Father and son team produce a beverage no really wants to drink—yet.
When Adam Johnston first drank kvass deep in the mountains of Northern China, it wasn’t exactly love at first sip.
“I thought it was weird-tasting,” says the 26-year-old Sebastopol resident. And yet, Johnston, who was at the time a globe-trotting college student with a knack for making beer and kombucha, couldn’t get the fermented drink, with roots in ancient times, out of his mind.
Upon returning to Northern California, he whipped up a batch of beet kvass in his parent’s Occidental kitchen. A rustic, probiotic drink that has no added refined sugar, it was a hit with friends and family. After a buyer for Whole Foods expressed interest, Adam and his father Michael, 62, a retired engineer and business owner, drafted up a business plan.
In March 2014, the father and son team launched Biotic Beverages, introducing their carbonated beet, ginger, and tumeric kvasses to Sonoma County farmers’ market patrons. At first, people didn’t know what kvass was, much less whether they wanted to drink it.

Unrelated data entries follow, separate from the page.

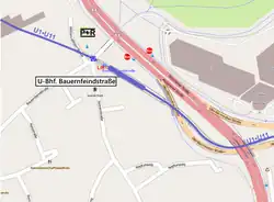 Nordwestlich des Geländeeinschnitts, in dem sich heute der U-Bahnhof befindet, auf der anderen Seite der Bauernfeindstraße, lag von 1964 bis 1970 die Wendeschleife der Straßenbahn; dort befindet sich heute ein P&R-Parkplatz. Dort war bereits ein Gleis zur nie realisierten Weiterführung der Straßenbahn nach Langwasser angelegt worden. Da zwei Brückenbauwerke südlich des U-Bahnhofes bereits fertiggestellt wurden, als noch eine Straßenbahn nach Langwasser geplant war, befindet sich zwischen den Bahnhöfen Messe und Bauernfeindstraße eine sehr enge Kurve, die noch nach Straßenbahnparametern angelegt ist. Langfristig ist es geplant diese Strecke durch eine geradlinige Trassierung zu ersetzen.
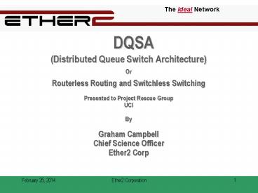 below the network layer DQSA just slides in. - A DQSA switch can look like an Ethernet switch,
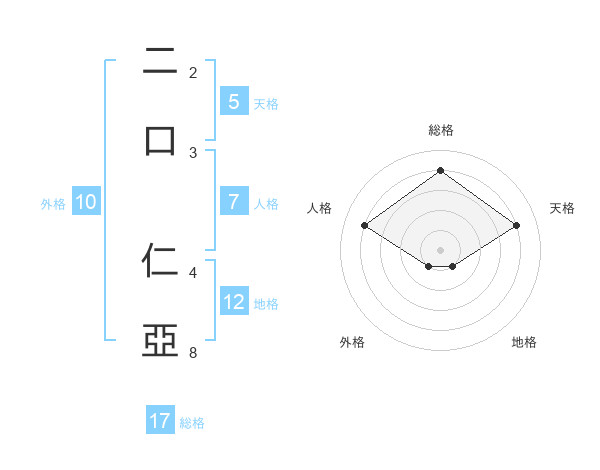 二口 仁亞さんの天格は5画の4点!
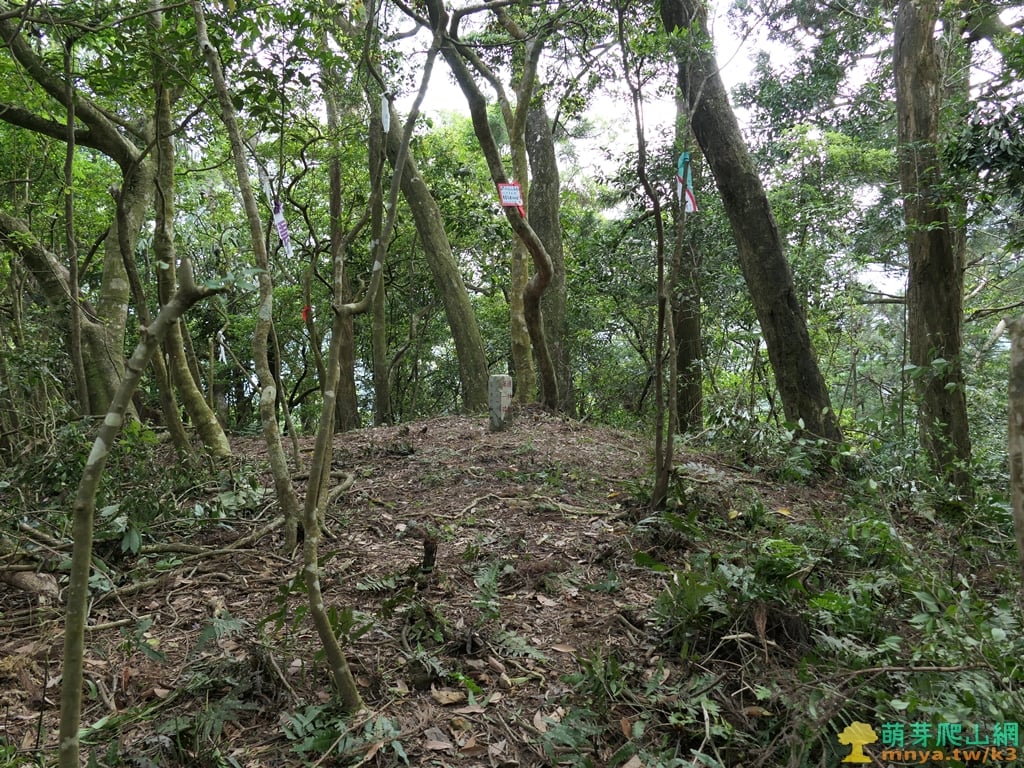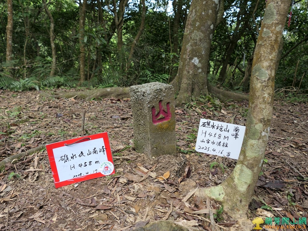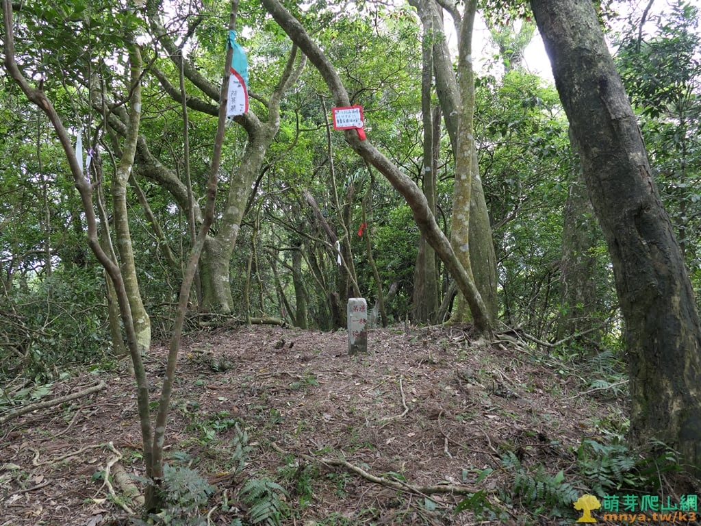 ▲礁水坑山南峰 標高458公尺 山字水泥柱 座標:331618, 2754118;24.890646 121.8160547
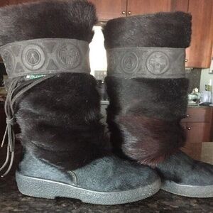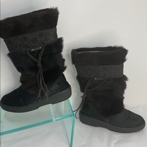 Pajar Olympic Sz 7 Fox Fur/Calf Hair Black Boot
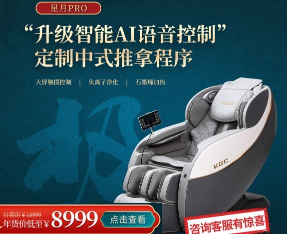 kgc进入国内市场以来,主打线上,线下没有实体店,虽是进口品牌,但是在国内有工厂,价格¥4880.00~19800.00,型号众多,按摩手法多样而先进,按摩技术已经达到世界一流水平。KGC产品质量高,返修率不高。
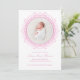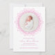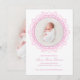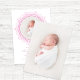 Announce your little one in a soft and timeless style with this blush pink newborn birth announcement featuring a delicate floral frame and elegant script typography. The front showcases your baby’s photo in a clean circular layout, creating a beautiful first impression.
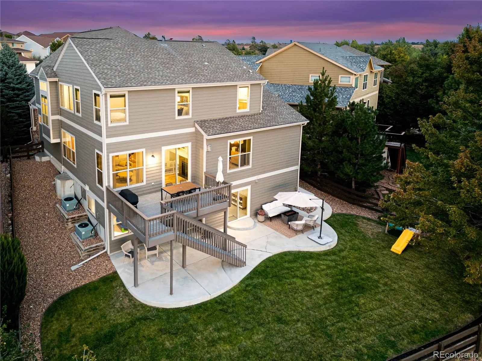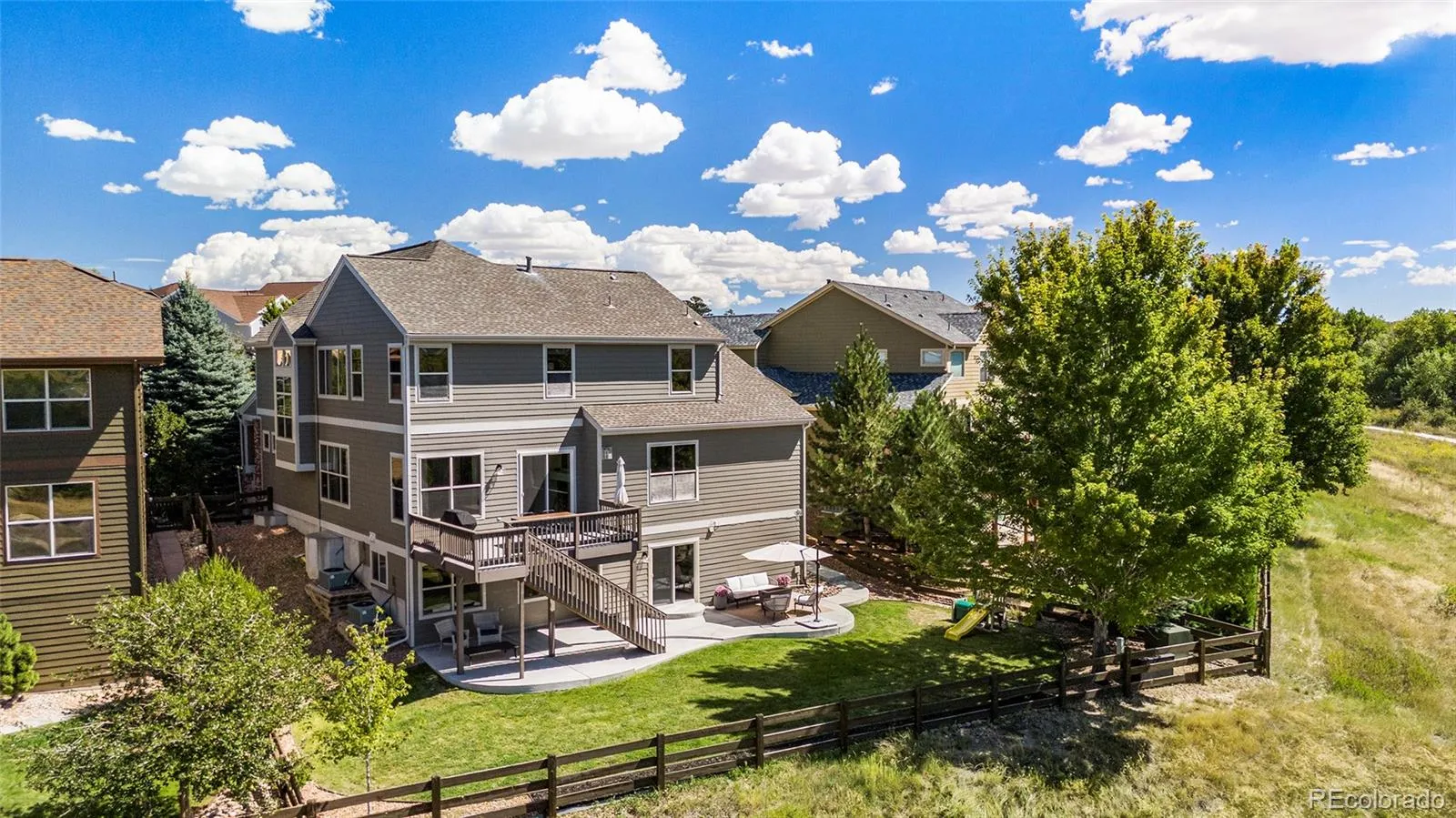 Looking for open space and stunning mountain views? This home has both! Perfectly positioned on a quiet cul-de-sac in the highly desired Idyllwilde community of Parker, this spacious two-story features a walkout basement backing to open space with unobstructed Front Range views, offering privacy and Colorado living at its best. Idyllwilde offers miles of trails connecting to Cherry Creek Trail, a clubhouse with fitness center and pool, Fika Coffee House, and community parks and playgrounds—all just minutes from downtown Parker, shopping, dining, and top-rated Douglas County schools. Inside, the main level features 10’ ceilings, expansive windows, and beautiful flooring that fill the home with natural light. The chef’s kitchen includes granite countertops, new GE Café appliances, a gas stove with double oven, rich cabinetry, abundant storage, and a large peninsula with bar seating. A passthrough fireplace connects the family room and office, while the formal dining area doubles as space for holiday gatherings, a playroom, or home office. A casual dining nook adds everyday convenience, and new Anderson sliding doors open to the raised deck for breathtaking sunsets. A front living room and laundry with built-in shelving and garage access complete the floor. Upstairs, the primary suite is a retreat with mountain views, vaulted ceilings, two walk-in closets with custom shelving, and a five-piece bath with new tile shower surround, while three additional bedrooms and two full bathrooms complete the level. The finished walkout basement adds versatility with a media area, wet bar, bedroom, bathroom, workout space, and storage. Outdoor living shines with a covered front porch, raised deck, shaded patio, and landscaped yard. Additional features include a three-car tandem garage, updated carpet, fresh paint, a roof only 5–6 years old, and water softener with reverse osmosis system. Buyers will also enjoy peace of mind with two brand-new HVAC systems installed prior to closing.
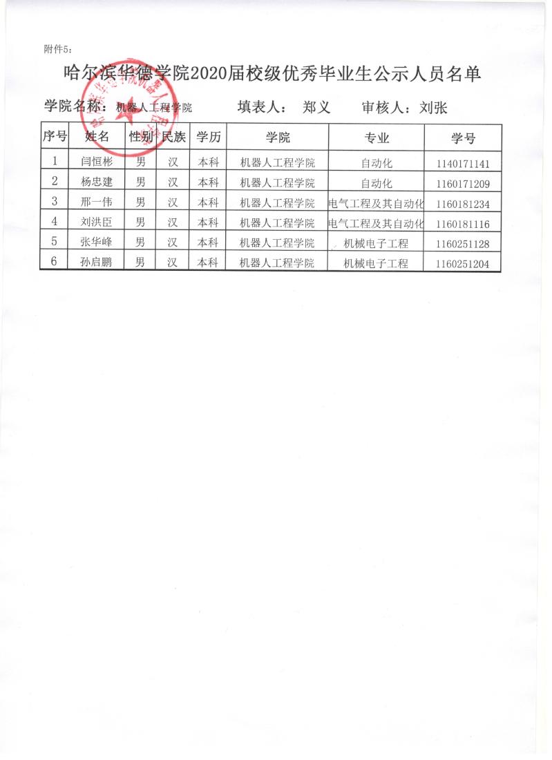 澳门电子pg游戏官网2020届校级优秀毕业生公示人员名单
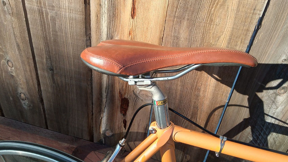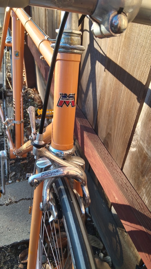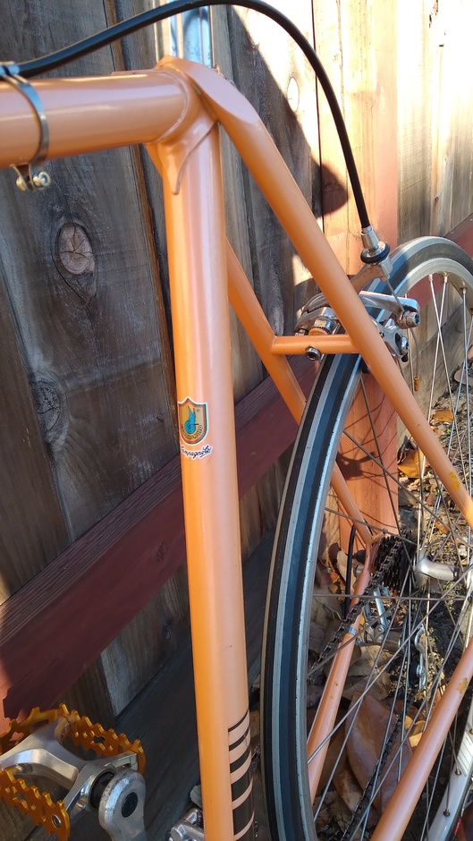 Bought this bare frame for cheap and built it with Campagnolo parts. Catalog correct parts have been tough to find.
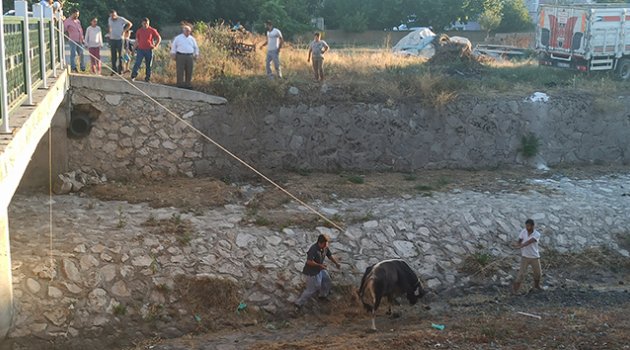 Öte yandan, vatandaşların kurbanlığın yakalanması için verilen mücadeleyi film izler gibi seyretmeleri ise ilginç görüntüler oluşturdu.
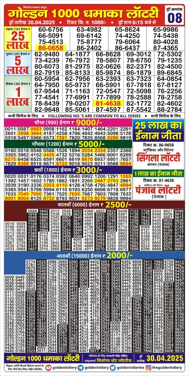 Golden 1000 gold monthly lottery result 30.4.25

(Honestly, I reacted the same way on coming upon the Biotic Beverages booth at the West End Farmers’ Market. What is this stuff? I wondered. Soon, I couldn’t leave the market without purchasing a cup of their energizing turmeric kvass.)
“We found that it takes about four tries before people start to appreciate and crave the drink,” Michael says. In January 2015, Biotic Beverages picked up their first wholesale account with Community Market. After a rigorous inspection process, their kvass was added to the shelves of Whole Foods stores in Santa Rosa and Petaluma.
The crisp and carbonated drink, now available in stores for $3.99 for a 12-ounce bottle, bears small resemblance to Adam’s initial homemade kvass. It also stands apart from more traditional kvass, a fermented beverage popular in Russia and the Ukraine made from black or rye bread. The current product line is made by fermenting carrots and/or beets with probiotic lactobacillus bacteria. After a few days of fermentation, the liquid is transferred to kegs and then carbonated.
The decision to make kvass on a commercial scale made sense. “We live in the epicenter of the probiotic scene,” says Adam. He credits companies like the Sebastopolbased Revive for raising consumer demand for probiotic fermented beverages.
Like Kombucha, kvass has been touted as a nutritional powerhouse. Lily Mazzarella, owner of Farmacopia, an apothecary and integrative practice in Santa Rosa, says that recent studies show a link between gut health and the brain. For those who tolerate them, high-quality fermented beverages, like kvass, can be part of a “gut restoration” protocol to help heal from imbalances and inflammation brought on by antibiotics, stress, infection, and food allergies.
The word is getting out. In the early days, Adam only needed to source about five pounds of beets from area farms. As business picked up, he struggled to source larger amounts of root vegetables locally. Now, he buys 200 to 300 pounds of organic carrots, beets, and lemons a week from farms in Yolo and Santa Cruz counties. The ginger and turmeric comes from Hawaii.
“We’re trying to get more farmers to grow for us, but the agriculture space in Sonoma County makes it difficult,” Adam says. “Root crops, on a larger scale, aren’t the premium thing that people want to be growing.” The production does happen locally, in a commercial kitchen at the Finley Center in Santa Rosa.
While kvass may go back to biblical times in Slavic lands, it remains unfamiliar to most Americans. That’s changing, says Jennifer Harris, the coordinator of the Farm to Fermentation Festival. Biotic Beverages, she says, are paving the way for a new wave of fermented drinks: Those with no added sugars. She commends the Johnstons for breaking from the established niche.
“Their kvass is something so unlike what we’ve had produced in Sonoma County and America,” Harris says. “I’m excited to see them stick to their roots, quite literally, and make this real, hardy, earthy cleansing tonic that can satisfy our palate in ways that sweet beverages can’t.”